Additional evidence against contamination by INaT was obtained in five neurons by comparing currents elicited by depolarizing and hyperpolarizing voltage ramps. As illustrated in Figure 1, C and D, the amplitudes and voltage dependences of TTX-subtracted currents evoked by ramps of opposite polarity were not different, although the hyperpolarizing ramp was preceded by a 200 ms step to −35 mV to completely inactivate transient INaT. Thus, for eight neurons, the INaP magnitude at −35 mV for hyperpolarizing ramps was 311 ± 48 pA, half activation voltage was −43 ± 0.9 mV, and maximal steepness of the activation curve was 4.6 ± 0.2 mV−1, whereas for depolarizing ramps, these values were 313 ± 47 pA, −41 ± 1.2 mV, and 4.6 ± 0.1 mV−1, respectively (p > 0.05, paired Student's t test).
Although the maximum amplitude of INaP in slices varied from cell to cell over a fairly wide range (8–1600 pA; n = 177), the median was 385 pA, which is significantly higher than values reported for acutely dissociated neurons (Alzheimer et al., 1993a; Hammarstrom and Gage, 1999; Taddese and Bean, 2002) or for non-neural mammalian cells expressing human neuronal Na+ channels (Lossin et al., 2002).
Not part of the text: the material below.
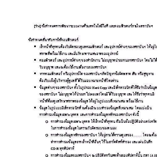 | คำอธิบาย : (ร่าง) ข้อกำหนดการพัฒนาระบบงานด้วยเทคโนโลยีไอที และคอมพิวเตอร์ภายในสถาบันฯ |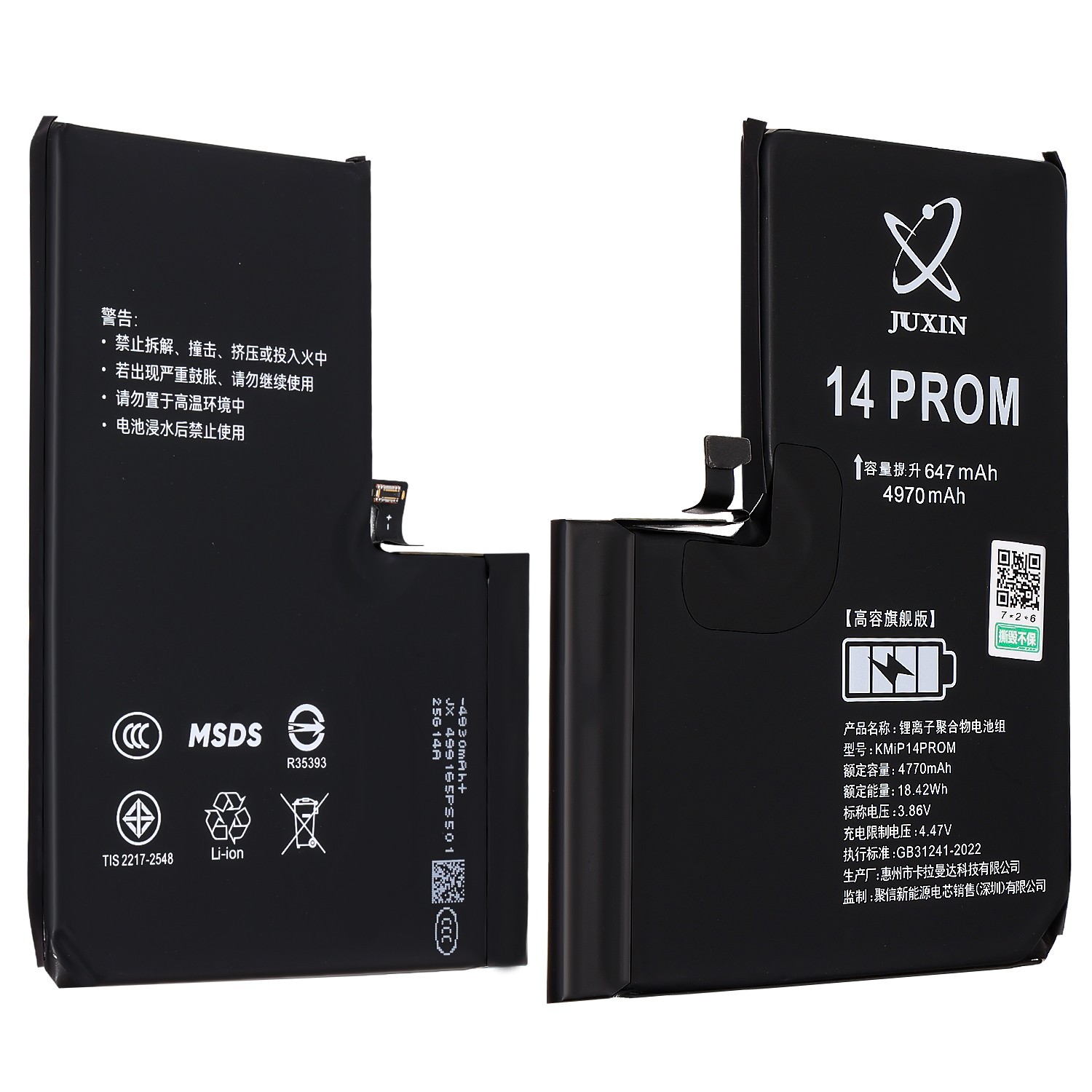 Light weight, high capacity and low impedance. For Apple iPhone 14 Pro Max (Capacity: 4970 mAh). For Apple iPhone 14 Pro (Capacity: 3570 mAh). For Apple iPhone 14 (Capacity: 3830 mAh). All Battery Tested for 0 Cycle, 100% Battery Life, Full Capacity.

These rarely exceed 100 pA. At first, we thought to attribute the difference between experimental preparations to the fact that much of the dendritic membrane, which has been shown to possess Na+ channels (Huguenard et al., 1989; Stuart and Sakmann, 1994), remains intact in the brain slice. This conclusion seemed to be supported by the finding that the apparent INaP density calculated for the 67 neurons in which capacitance was measured (see Materials and Methods) was 0.3–14.3 pA/pF (median, 1.9 pA/pF), which is comparable with or smaller than values in acutely dissociated cells (Alzheimer et al., 1993a; Hammarstrom and Gage, 1998). The calculation, however, is based on the assumption that channels responsible for INaP are homogenously distributed throughout the neuron; in the next series of experiments, we found this assumption to be wrong.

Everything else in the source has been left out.